▶ RECORDS PROVIDED
+++++

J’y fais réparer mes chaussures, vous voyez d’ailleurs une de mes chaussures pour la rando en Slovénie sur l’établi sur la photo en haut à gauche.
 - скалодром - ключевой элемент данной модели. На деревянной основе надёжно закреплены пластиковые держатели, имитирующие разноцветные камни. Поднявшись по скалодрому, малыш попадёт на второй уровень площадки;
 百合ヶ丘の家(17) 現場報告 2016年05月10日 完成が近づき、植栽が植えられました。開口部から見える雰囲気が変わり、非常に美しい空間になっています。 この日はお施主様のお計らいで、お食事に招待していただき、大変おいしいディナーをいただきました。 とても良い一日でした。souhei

+++++

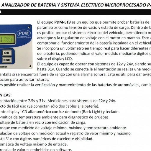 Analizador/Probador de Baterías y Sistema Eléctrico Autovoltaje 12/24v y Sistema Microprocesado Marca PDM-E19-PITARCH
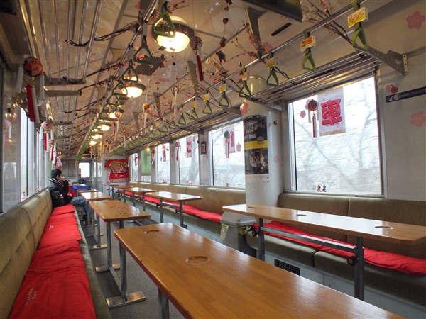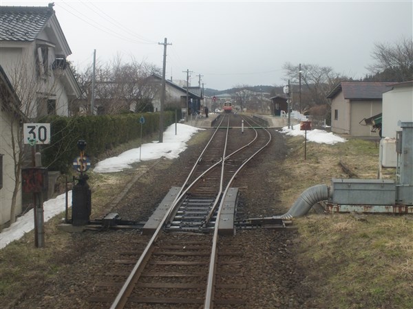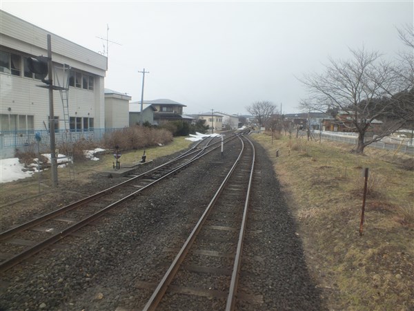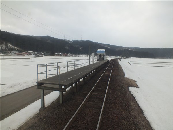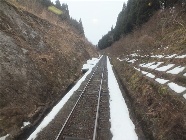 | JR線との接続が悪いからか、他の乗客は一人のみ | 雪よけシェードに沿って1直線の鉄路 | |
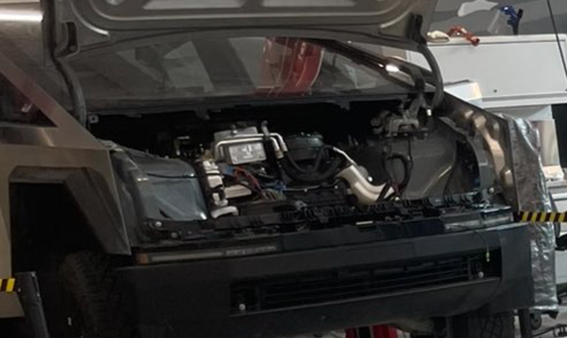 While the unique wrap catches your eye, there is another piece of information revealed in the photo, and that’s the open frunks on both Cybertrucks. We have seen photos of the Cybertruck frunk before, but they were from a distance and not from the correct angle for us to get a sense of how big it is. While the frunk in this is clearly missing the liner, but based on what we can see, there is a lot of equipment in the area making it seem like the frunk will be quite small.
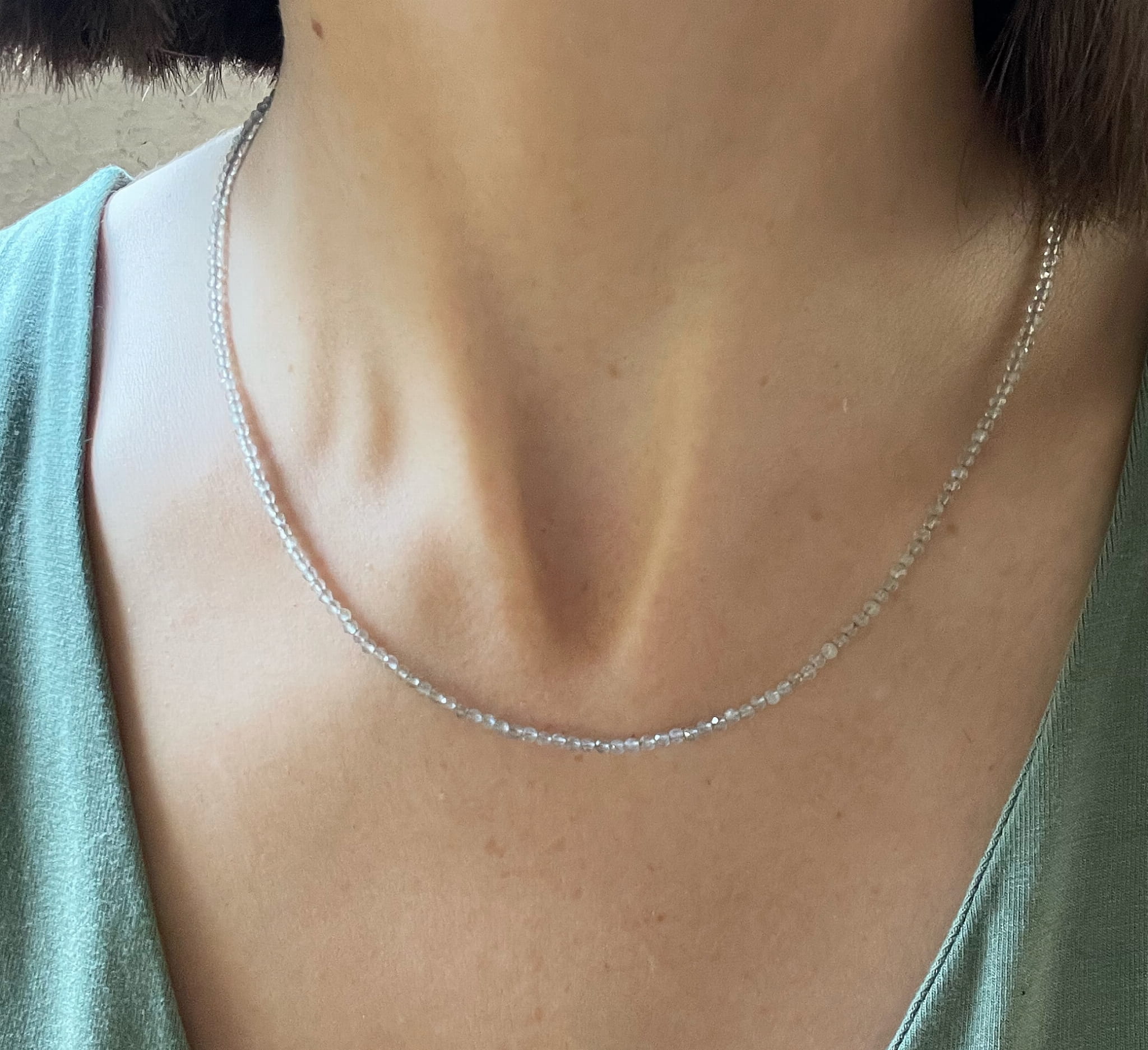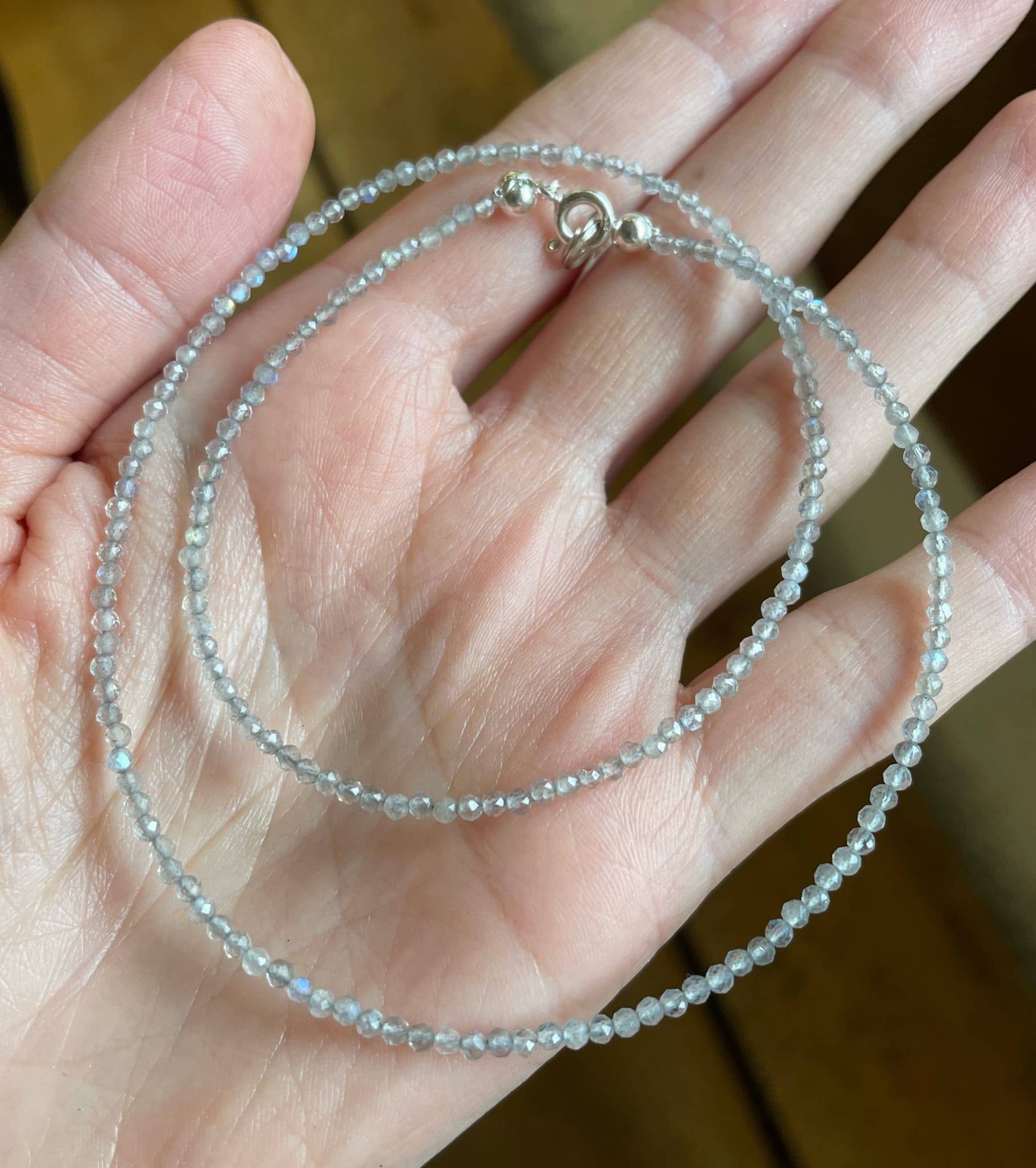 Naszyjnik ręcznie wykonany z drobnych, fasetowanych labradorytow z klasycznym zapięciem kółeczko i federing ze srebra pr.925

+++++

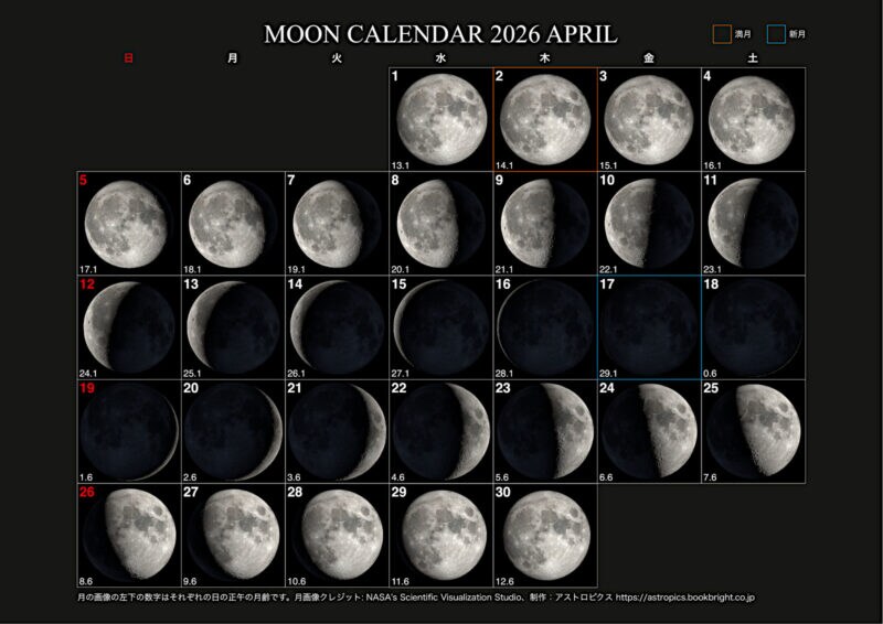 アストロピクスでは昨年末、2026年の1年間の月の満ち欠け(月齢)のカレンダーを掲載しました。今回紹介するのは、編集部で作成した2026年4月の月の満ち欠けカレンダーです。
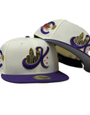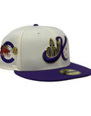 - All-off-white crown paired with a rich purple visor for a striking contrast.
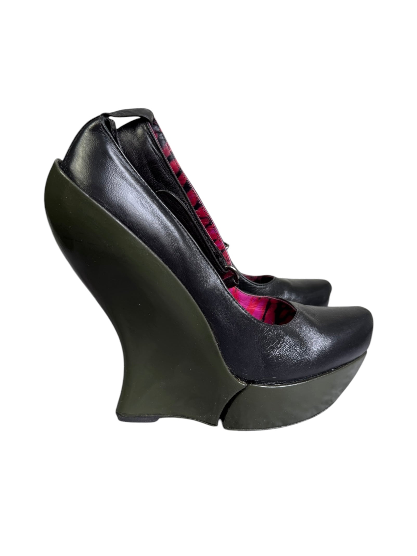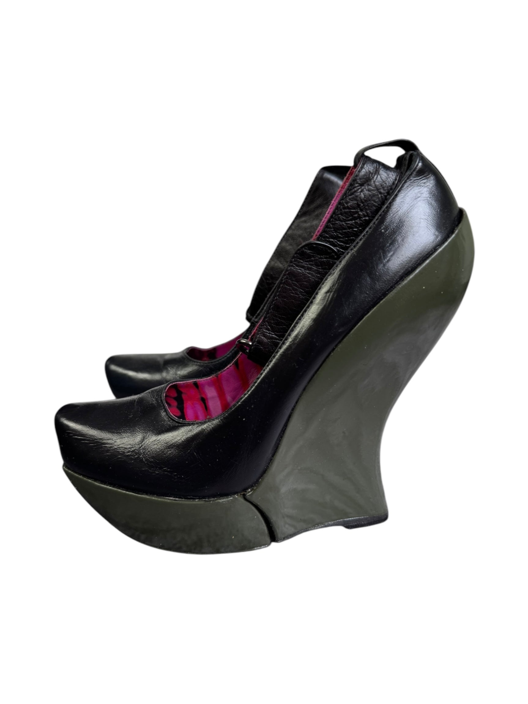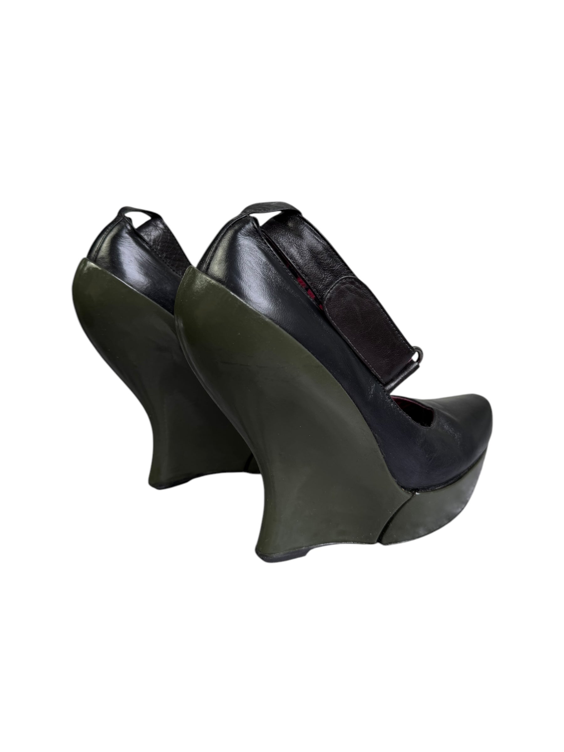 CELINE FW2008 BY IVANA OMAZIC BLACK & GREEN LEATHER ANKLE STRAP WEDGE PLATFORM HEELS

+++++

▶ WORK TO BE COMPLETED
Within these entries, output exactly the lines starting at the one with "While the unique" and finishing at the one with "Naszyjnik ręcznie wykonany". Leave pictures out of the output.

▶ EXPECTED OUTPUT
 While the unique wrap catches your eye, there is another piece of information revealed in the photo, and that’s the open frunks on both Cybertrucks. We have seen photos of the Cybertruck frunk before, but they were from a distance and not from the correct angle for us to get a sense of how big it is. While the frunk in this is clearly missing the liner, but based on what we can see, there is a lot of equipment in the area making it seem like the frunk will be quite small.
 Naszyjnik ręcznie wykonany z drobnych, fasetowanych labradorytow z klasycznym zapięciem kółeczko i federing ze srebra pr.925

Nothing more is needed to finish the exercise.